▶ [What the task requires]
Take the entries below and reproduce exactly the portion that begins at the line containing "프롬프트를 입력했다면 우측" and ends at the line containing "O racismo é", keeping both ends, dropping pictures, and adding nothing else.

▶ [Supplied material]
[Start of Attachment]

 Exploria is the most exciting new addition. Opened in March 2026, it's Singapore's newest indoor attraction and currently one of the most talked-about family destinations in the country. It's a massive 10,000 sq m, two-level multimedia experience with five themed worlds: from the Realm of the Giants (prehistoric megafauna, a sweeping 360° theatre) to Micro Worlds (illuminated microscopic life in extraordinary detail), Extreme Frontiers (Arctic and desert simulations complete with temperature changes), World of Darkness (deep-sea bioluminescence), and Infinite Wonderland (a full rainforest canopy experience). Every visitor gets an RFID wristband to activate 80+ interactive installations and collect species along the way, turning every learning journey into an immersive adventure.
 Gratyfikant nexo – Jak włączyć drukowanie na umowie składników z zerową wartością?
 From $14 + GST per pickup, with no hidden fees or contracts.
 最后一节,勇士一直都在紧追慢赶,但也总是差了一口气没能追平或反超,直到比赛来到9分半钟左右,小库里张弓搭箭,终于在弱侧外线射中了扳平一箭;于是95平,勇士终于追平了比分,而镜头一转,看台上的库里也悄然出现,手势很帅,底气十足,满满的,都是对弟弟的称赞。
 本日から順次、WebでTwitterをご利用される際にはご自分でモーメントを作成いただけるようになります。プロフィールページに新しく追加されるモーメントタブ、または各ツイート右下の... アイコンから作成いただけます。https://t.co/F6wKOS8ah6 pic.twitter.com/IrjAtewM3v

[End of Attachment]
[Start of Attachment]

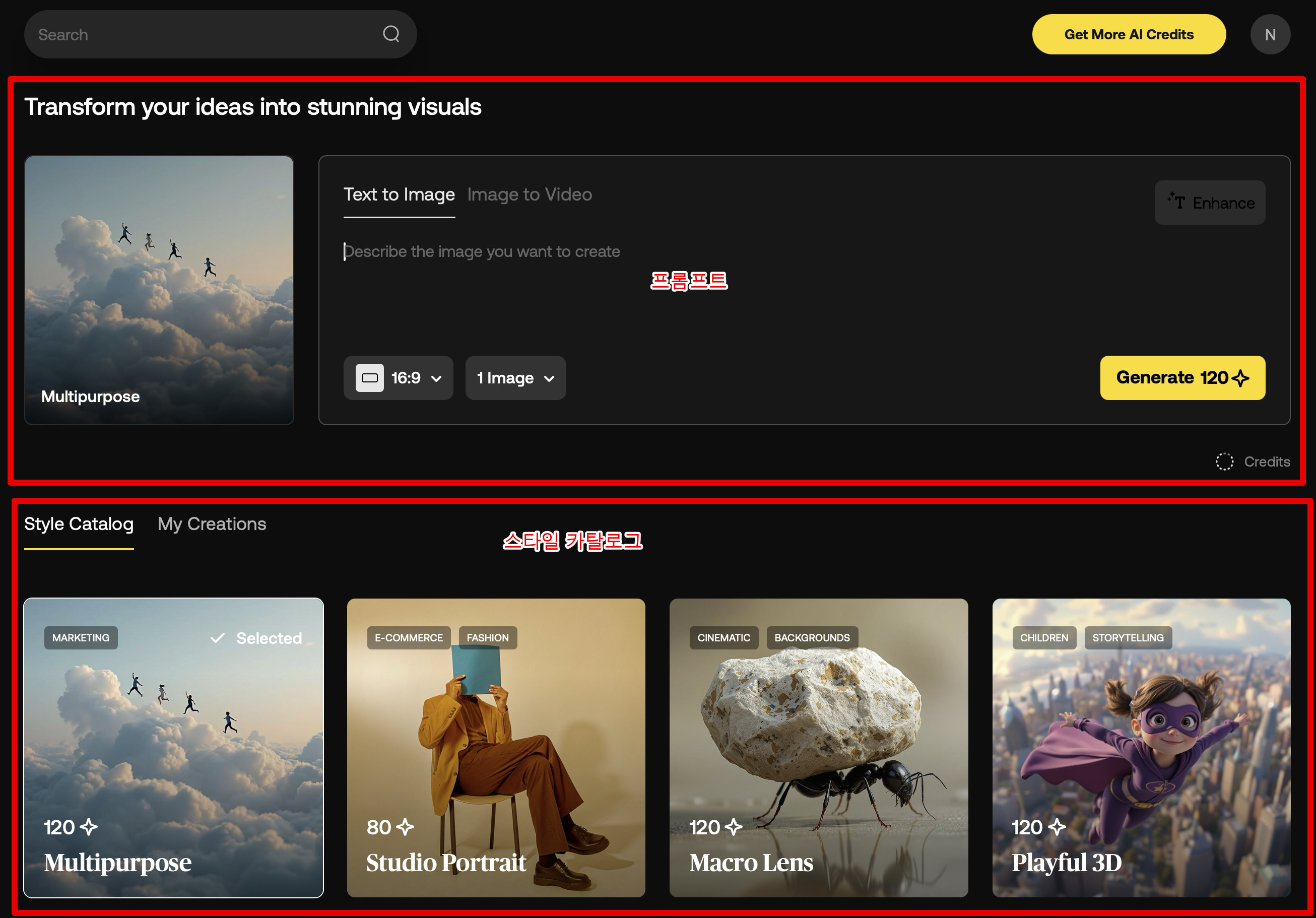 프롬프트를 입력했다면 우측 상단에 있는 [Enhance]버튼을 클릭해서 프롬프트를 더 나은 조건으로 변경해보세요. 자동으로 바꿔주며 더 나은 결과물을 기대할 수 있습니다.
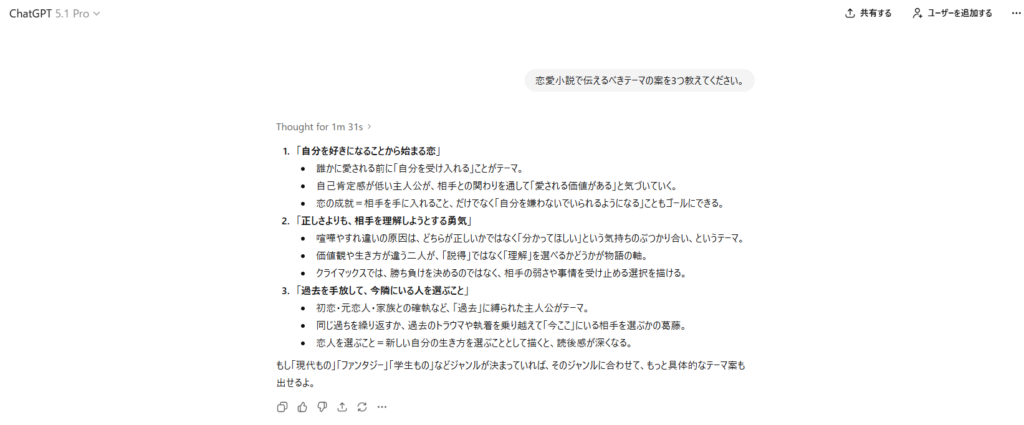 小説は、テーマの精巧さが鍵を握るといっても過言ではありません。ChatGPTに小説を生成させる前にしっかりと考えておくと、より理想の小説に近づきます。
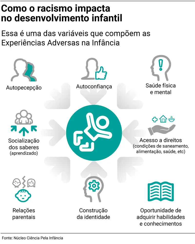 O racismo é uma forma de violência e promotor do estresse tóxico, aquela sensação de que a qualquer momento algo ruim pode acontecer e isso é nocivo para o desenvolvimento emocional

[End of Attachment]

▶ [The answer]
 프롬프트를 입력했다면 우측 상단에 있는 [Enhance]버튼을 클릭해서 프롬프트를 더 나은 조건으로 변경해보세요. 자동으로 바꿔주며 더 나은 결과물을 기대할 수 있습니다.
 小説は、テーマの精巧さが鍵を握るといっても過言ではありません。ChatGPTに小説を生成させる前にしっかりと考えておくと、より理想の小説に近づきます。
 O racismo é uma forma de violência e promotor do estresse tóxico, aquela sensação de que a qualquer momento algo ruim pode acontecer e isso é nocivo para o desenvolvimento emocional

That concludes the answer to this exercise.